Background: subclass dispatch in __torch_function__

At first glance, __torch_function__ (and __torch_dispatch__, which is directly implemented using the same logic) is simply a mechanism for subclasses of Tensor to override the meaning of functions in the global namespace, where traditional dynamic dispatch on method invocation is insufficient. However, __torch_function__ also comes with a mechanism for handling multiple dispatch situations when tensors of two distinct subclasses are passed to the same operation. The behavior is perhaps best described with a set of examples:

class Parent:
    @staticmethod
    def __torch_function__(...): ...

class Child(Parent):
    @staticmethod
    def __torch_function__(...): ...
    
class Unrelated:
    @staticmethod
    def __torch_function__(...): ...

Consider:

  • torch.add(Parent(), Parent()) - this is the easy case, we simply invoke Parent.__torch_function__
  • torch.add(Parent(), Child()) - here, it is clear that Child is “aware of” Parent, as it is a subclass of Parent. So the correct function to invoke is Child.__torch_function__, with the assumption that Child knows how to handle Parent arguments. Algorithmically, this is implemented by preferring subclasses over parent classes.
  • torch.add(Parent(), Unrelated()) - here, Parent and Unrelated have no subclass relationship, and there is not any reason to presuppose Parent or Unrelated knows how to deal with the other. So we pick an arbitrary function, e.g., Parent.__torch_function__, and if it returns NotImplemented (indicating that it doesn’t understand some of its arguments), we try the other function, e.g., Unrelated.__torch_function__. In fact, this process would also occur if the child class reported it didn’t know how to handle the parent class, although this situation is more unlikely.

To summarize, multiple dispatch is implemented by trying __torch_function__ on each argument, one by one, until we find one that actually works for all the argument types in questions.
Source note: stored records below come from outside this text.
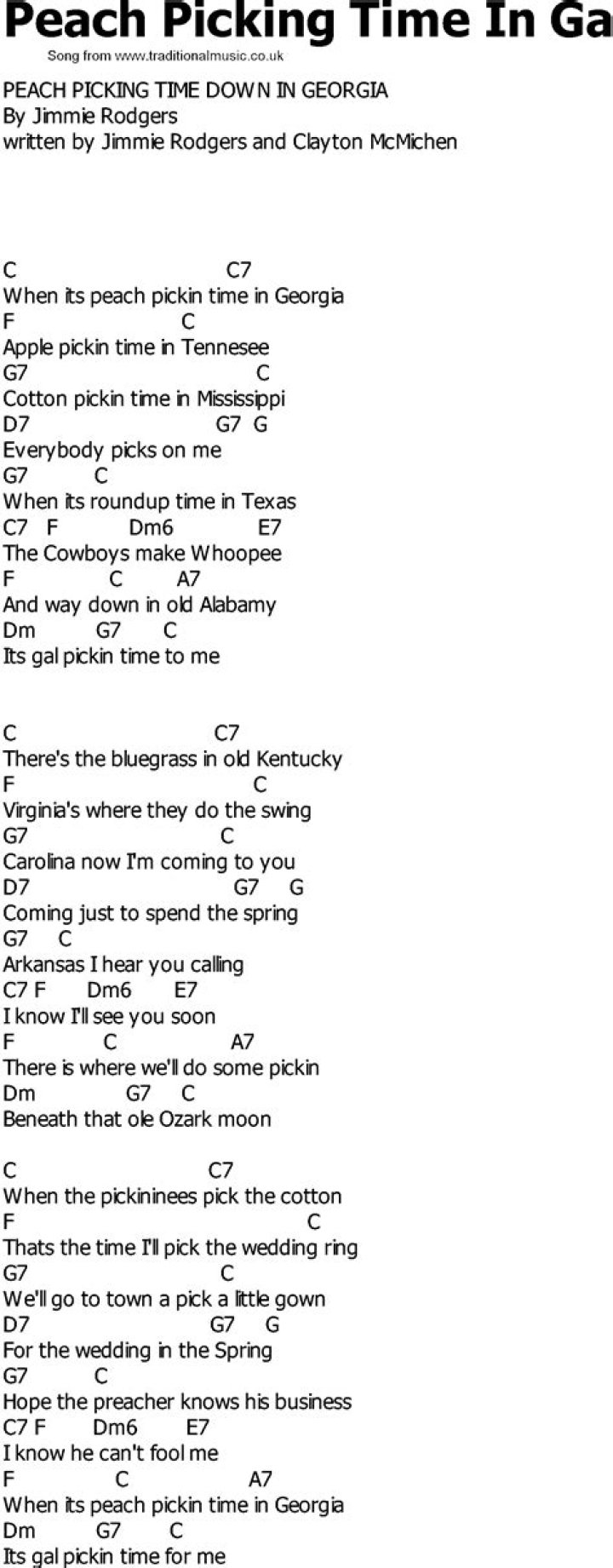 Send me a peach from old Georgia Down where the Savannah flows If I could have one bite of Georgia I would feel right here at home I miss the shady old lanes there Walking with you by my side Just send me one peach from Georgia Just so I know you'll be mine I hope that you won't forget me Before my road leads back to you Though the winter may bringCOUNTRY MUSIC LYRICS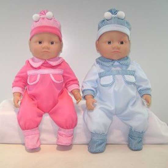 As shown are two adorable baby dolls made of cotton. They are dressed in romper suits with striped flap pockets and collars. The babies catch your attention with pairs of lovely curious eyes.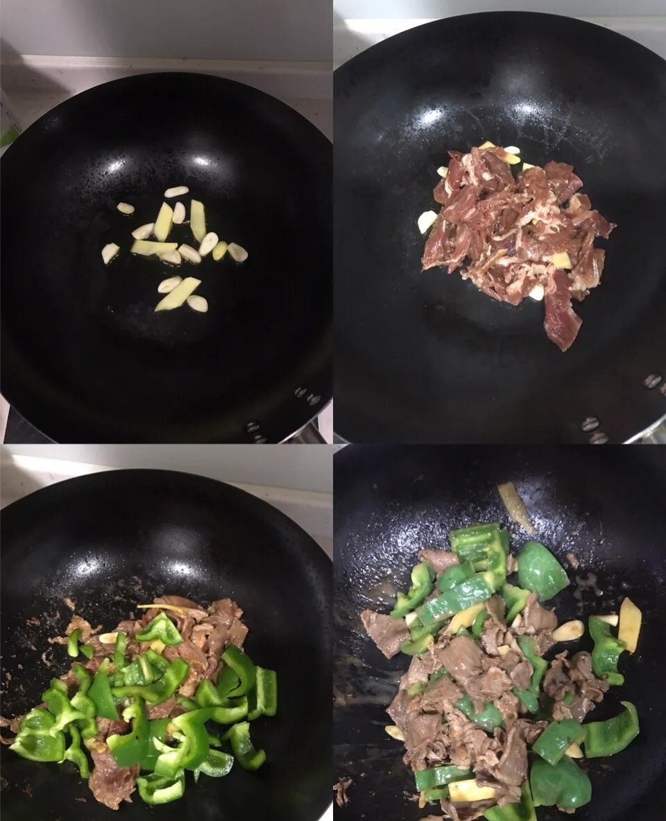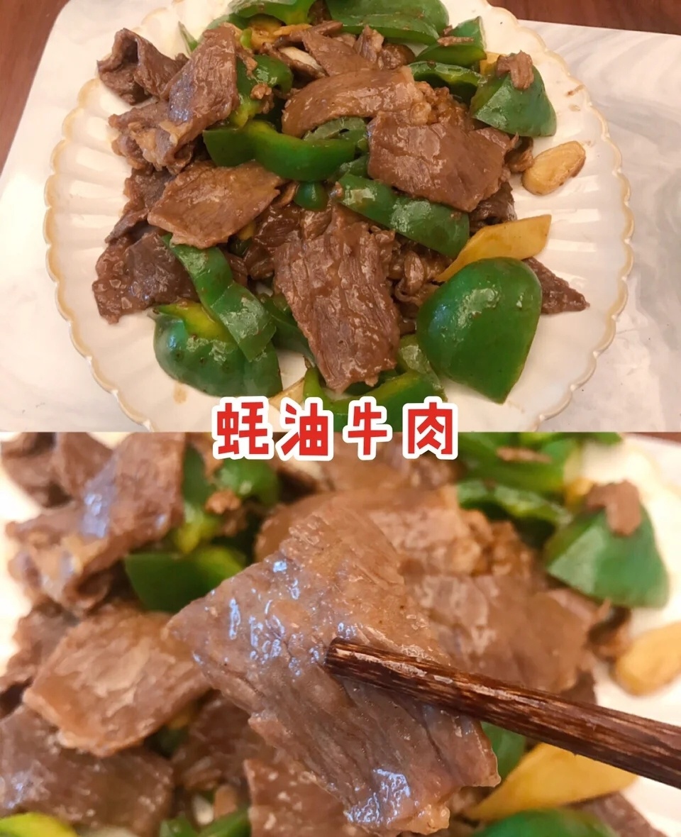 3.倒入煎好的牛上脑,倒入彩椒稍微翻炒,加一点酱油就可以出锅啦。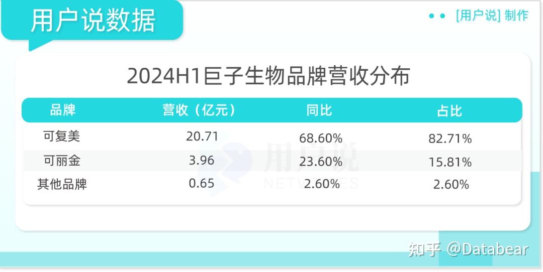 而在功效性护肤品和医用敷料两大品类方向上,可丽金和可复美无疑是主要贡献品牌。以最新半年报来看,今年上半年可复美实现总收入20.71亿元,同比去年增长68.6%;可丽金实现总收入3.96亿元,同比去年增长23.6%。其中,值得注意的是,对比2022年-2024年上半年增速来看,可复美的增速分别达到79.7%、72.9%、68.6%,虽仍在高位,但已呈现放缓趋势。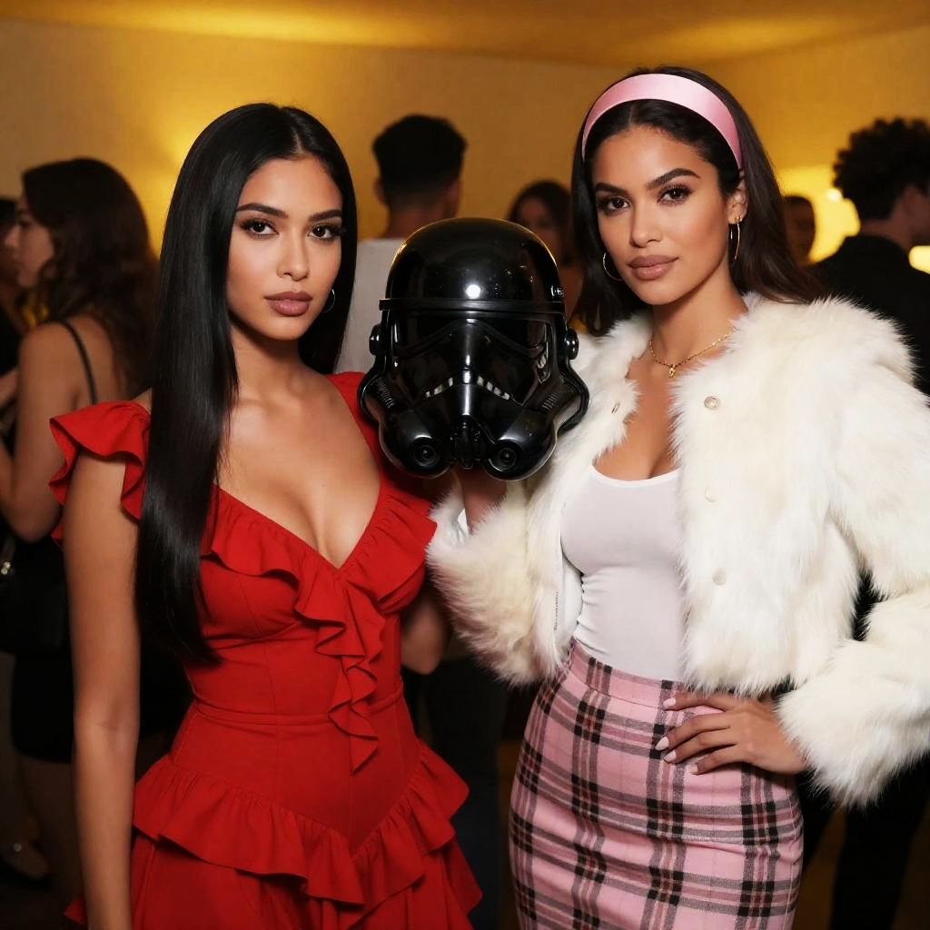 Photograph of two fashionable women at a party. The woman on the left has long black hair and wears a red, ruffled dress with a deep neckline and neutral expression. The woman on the right has long brown hair, wears a white fur jacket, white sheer top, pink plaid skirt, and a pink headband, posing confidently with hands on hips. They hold a black, shiny Stormtrooper helmet from Star Wars between them. The background features softly yellow-lit walls and other partygoers in semi-formal attire.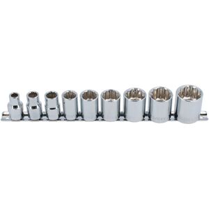 A set of standard 1/2""D Bi-Hex (12pt) Whitworth sockets from 1/8"" - 5/8"", manufactured from chrome vanadium with a polished chrome finish. Socket sizes: 1/8"", 3/16"", 1/4"", 5/16"", 3/8"", 7/16"", 1/2"", 9/16"" and 5/8"". Socket length: 40mm (9/16"" and 5/8"" are 43mm long). Whitworth sockets are popular for use on classic cars. Supplied on a socket rail.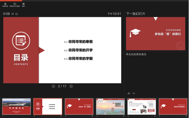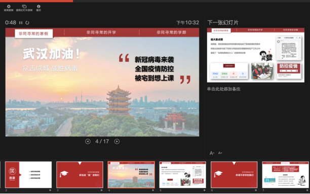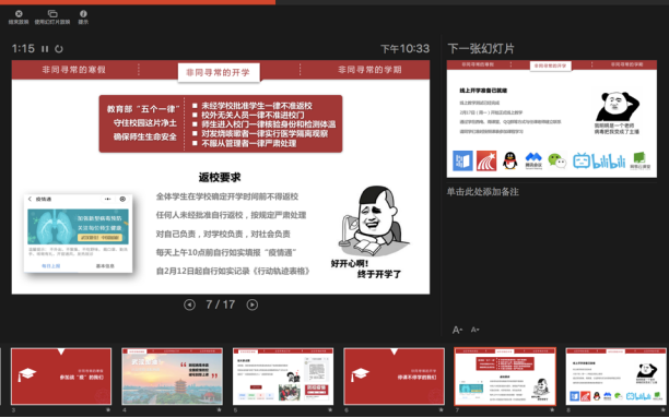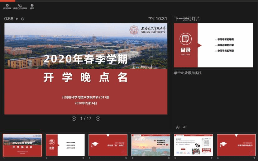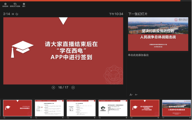 当晚,今年会官方网站各年级分别通过不同平台,同时组织了线上“晚点名”,开展抗“疫”教育与开学动员教育工作。本科2016级辅导员艾菲、郭禹宏老师、2017级辅导员李栋老师通过“雨课堂”、腾讯群视频等进行了直播。通过主题班会,今年会官方网站各年级落实落细接下来的防控任务,组织班级骨干、学生党员主动担当,形成网格化管理服务体系;就同学们在家配合做好防控工作、参加在线学习提出具体要求,特别是应对新学期的新任务做好准备。本科2016级是毕业年级,辅导员老师在班会上叮嘱同学们充分利用好大学最后一个学期的时间,“顺利完成本科学业,明确个人发展方向,努力争取深造或就业机会,寻找适合自己的工作”。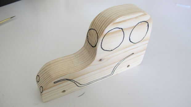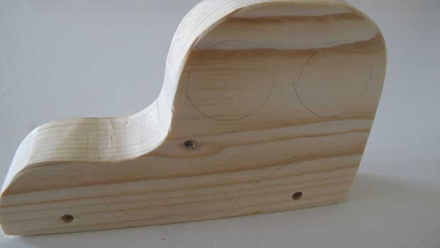 coche de madera simple, orgánico, no tóxico para los niños encantadores de yor.Paso 1: Cortar la carrocería con sierra caladora. No usar cualquier herramienta regla o ángulo. Utilice los ojos para darle una forma redonda angular a la madera. Utilice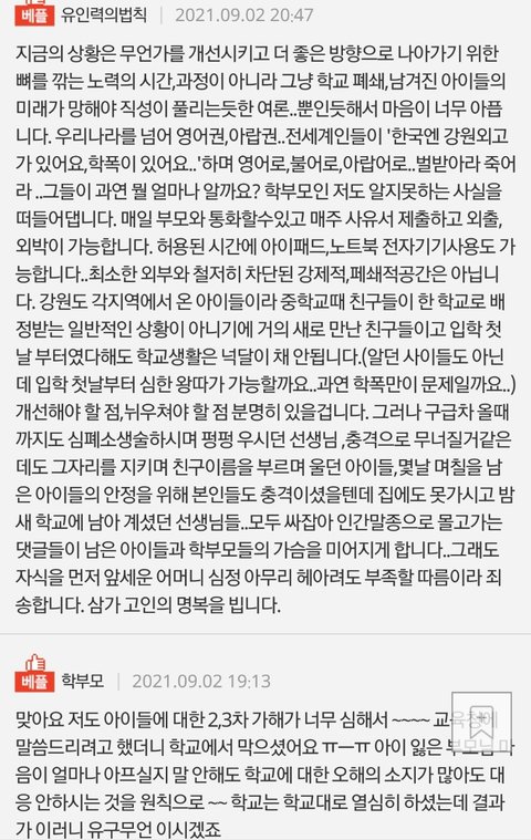 아직도 정신못차리고 피해아이도 가해아이도 모두 다 저희아이들이라는 강원외고학부모 박제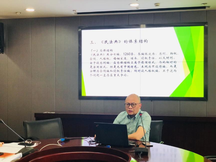 院长方新军围绕《民法典》解读作重点发言。他引用习近平总书记在中央政治局第二十次集体学习时发表的重要讲话阐述了颁布实施《民法典》的重大意义。他从宏观角度介绍了《民法典》编撰的历程、大致的体系,并以案例分析的形式解读了与校园内部治理、经济社会民生密切相关的条款,比如物业维修基金使用的表决、房屋继承权中的居住权问题、救死扶伤的法定救助义务等。方新军的发言系统全面、重点突出、深入浅出。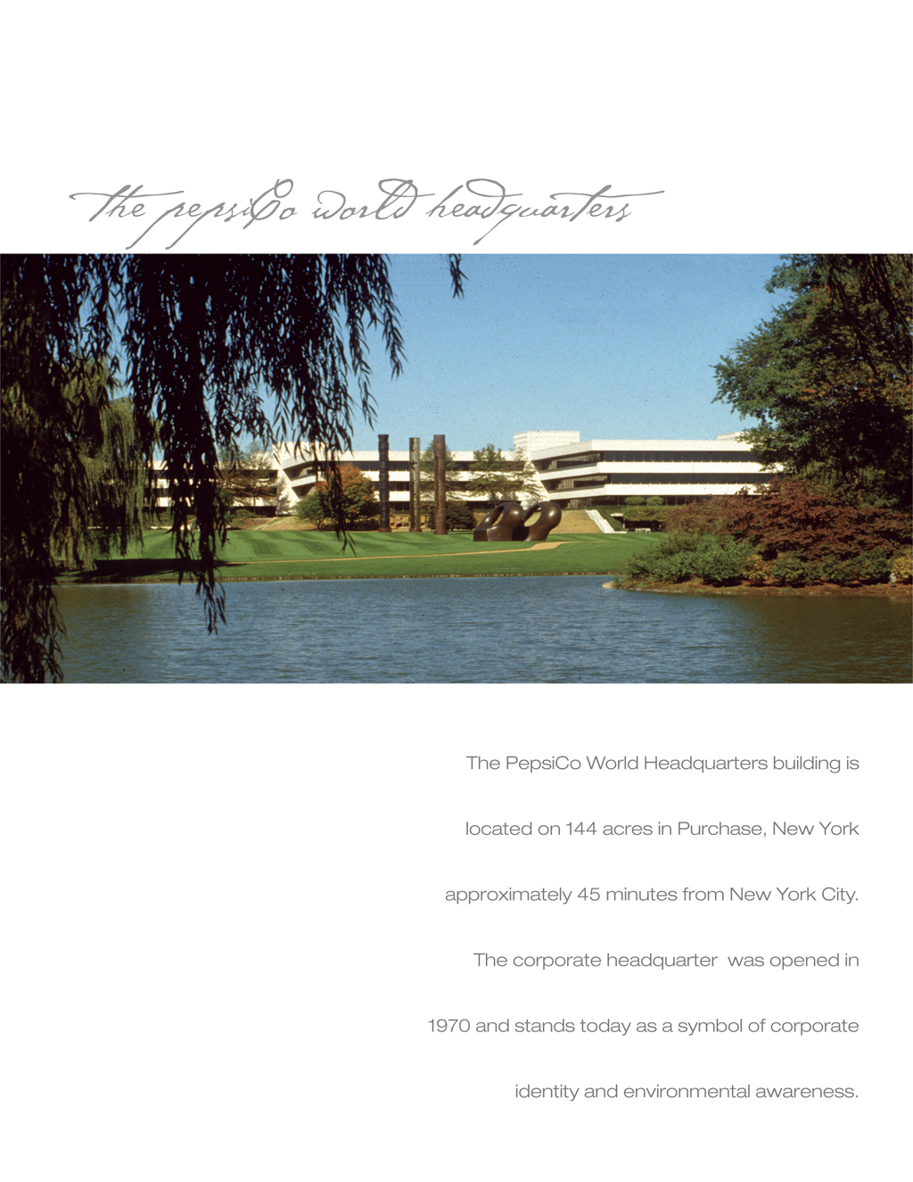紐約百事公司全球采購總部是一個將景觀,雕塑,花園,噴泉很好融合的例子,它不僅改善了公司的環境,而且提高了員工的工作態度,生活方式和整體表現。30年以來,百事公司的目標一直定位于培養優秀的員工和杰出的產品。直到今天公司依然努力實現著這個理想。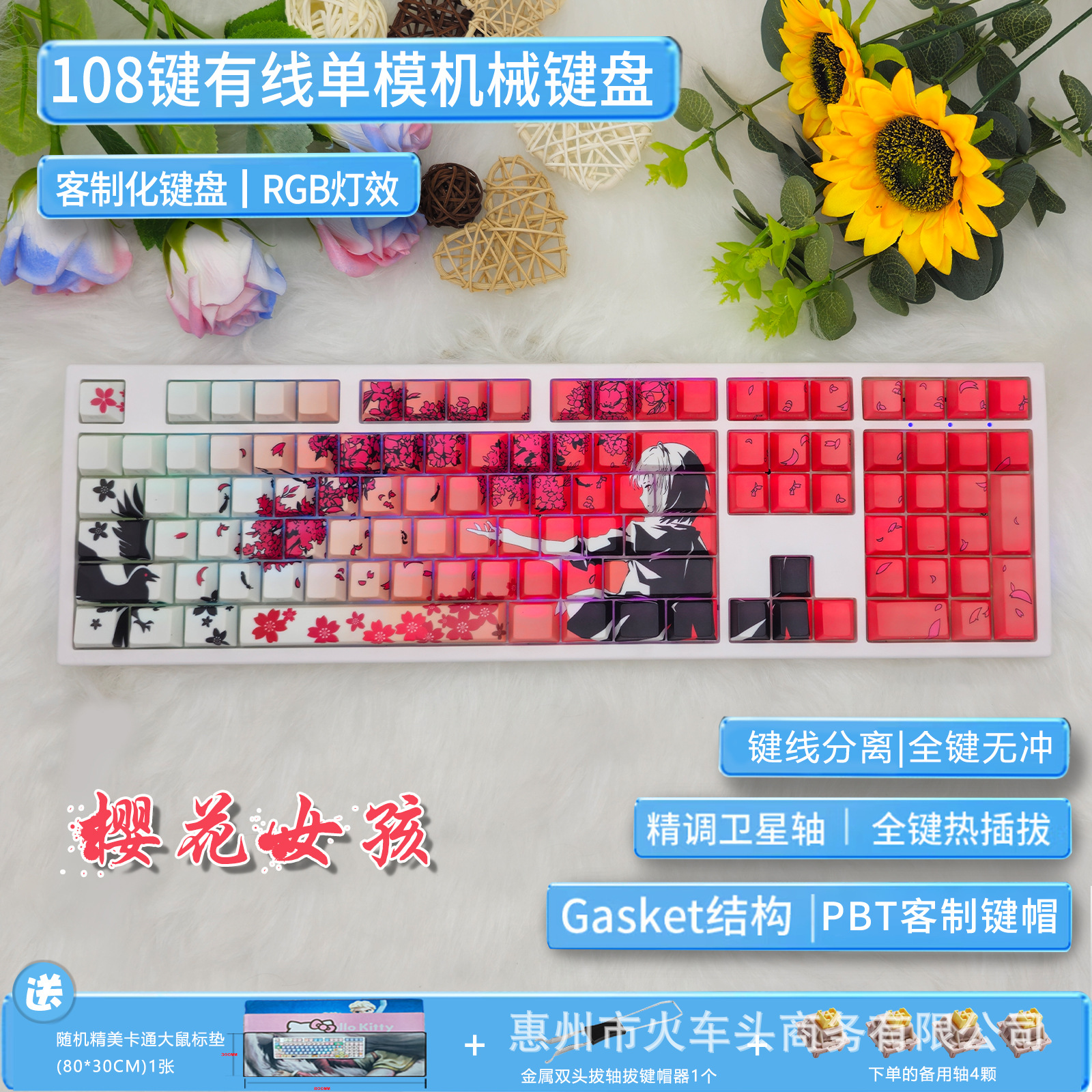 • 108 키 화이트 + 사쿠라 걸 핑크 샤프트 유선丨무료 키 풀러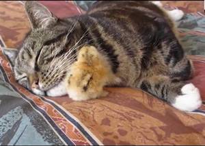 ネコさんに潜り込んで眠ろうとするヒヨコさんが激カワで萌えるWW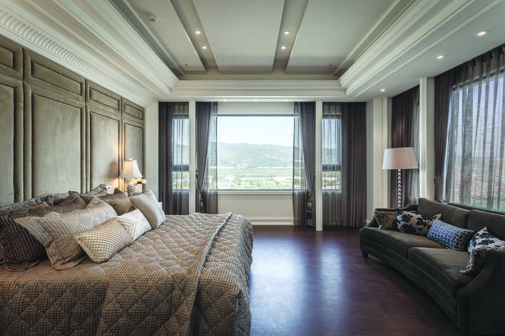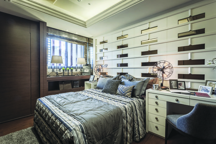 本案室內坪數廣達110坪,坐擁雙主臥的尊榮格局。大主臥室空間極為寬敞,進門後轉折的動線能各自通往睡眠區、更衣間和浴室,讓感情親密的夫妻也能保有自己的作息而互不干擾,室內主要以簡約的白為色彩基底,床頭牆面選用摩卡色絲絨,以繁複工序繃出精緻比例,兩側收弧線的包覆設計加上豐潤光澤,烘托過人的大面寬氣勢。次主臥延續前述的風情語彙,但床頭牆面改為活潑幾何的堆疊,為了增加睡眠時的安全感,特別在床側的陽台區增設木質拉門,床尾迎窗處則安排古典斗櫃,平整檯面最適合擺設賞心悅目的風情小物。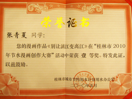 日前,桂林市大中专院校节水漫画创作大赛已成功落下帷幕。Beat365官网艺术学院学生在本次比赛中取得优异成绩,获得一等奖1项,二等奖1项,三等奖3项,优胜奖5项。其中,张青夏同学的漫画作品《别让漓江变离江》获得市级一等奖(一等奖全市共两名),李恒同学的漫画作品《科学用水,珍惜我们共同的水资源》获得市级二等奖。 每年的3月22日是联合国大会确定的世界水日。这一纪念日提醒公众关注日益严峻的水资源缺乏问题,倡导人们合理用水,节约用水。本次漫画创作大赛是由桂林市城市节约用水计划用水办公室主办,大赛的主题是“共创节水社会,构建人水和谐”,此次活动的举办为进一步加大节水宣传工作力度,推进节水型社会建设,充分调动大学生参与节水的积极性,在全社会营造浓厚的节水氛围做出了积极的贡献。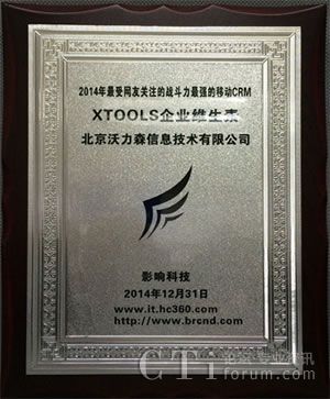 慧聰網(wǎng)影響科技的評(píng)選活動(dòng)中,中文地區(qū)第一CRM品牌XTools榮膺“2014年度最受網(wǎng)友關(guān)注的戰(zhàn)斗力最強(qiáng)的移動(dòng)CRM”殊榮,XTools獲此殊榮,不僅是整個(gè)管理軟件市場(chǎng)的驕傲,更是消費(fèi)者和媒體對(duì)XTools價(jià)值的高度肯定。

However, we’ll always try subclass implementations first, since they “know of” their parent classes and are more specific.

Background: level dispatch in functorch

Functorch transformations can be thought of as implemented by wrapping tensors with special wrappers, e.g., BatchTensor, which reinterpret the meaning of Tensor operations before forwarding on to their inner wrapped tensors. However, because functorch transformations can be composed with themselves, and because the order the transformations are composed matters, these wrappers must record the level associated with their computation. Take the following vmap example:

vmap(xs, lambda x: vmap(ys, lambda y: x + y))

Suppose that xs is tensor of size (10, 2) and ys is a tensor of size (15, 2); the output size of this operation is, perhaps surprisingly, (10, 15, 2)! This can be understood by considering the types of x (tensor of size 2) and y (also tensor of size 2), and then the effect each vmap has on them. At the time we perform the addition, x + y is of logical size (2). The inner vmap, vectorizes this into a computation on ys’s batch dimension giving the size (15, 2). Then the outer vmap vectorizes the computation once again onto xs’s batch dimension, giving the final physical size (10, 15, 2).

In reality, x and y are batch tensors whose physical representations are (10, 2) and (15, 2). Without any other intervention, adding these two tensors would be a shape error. Levels help us understand that we should expand x to (10, 1, 2) and y to (1, 15, 2) prior to performing the (broadcasting) addition.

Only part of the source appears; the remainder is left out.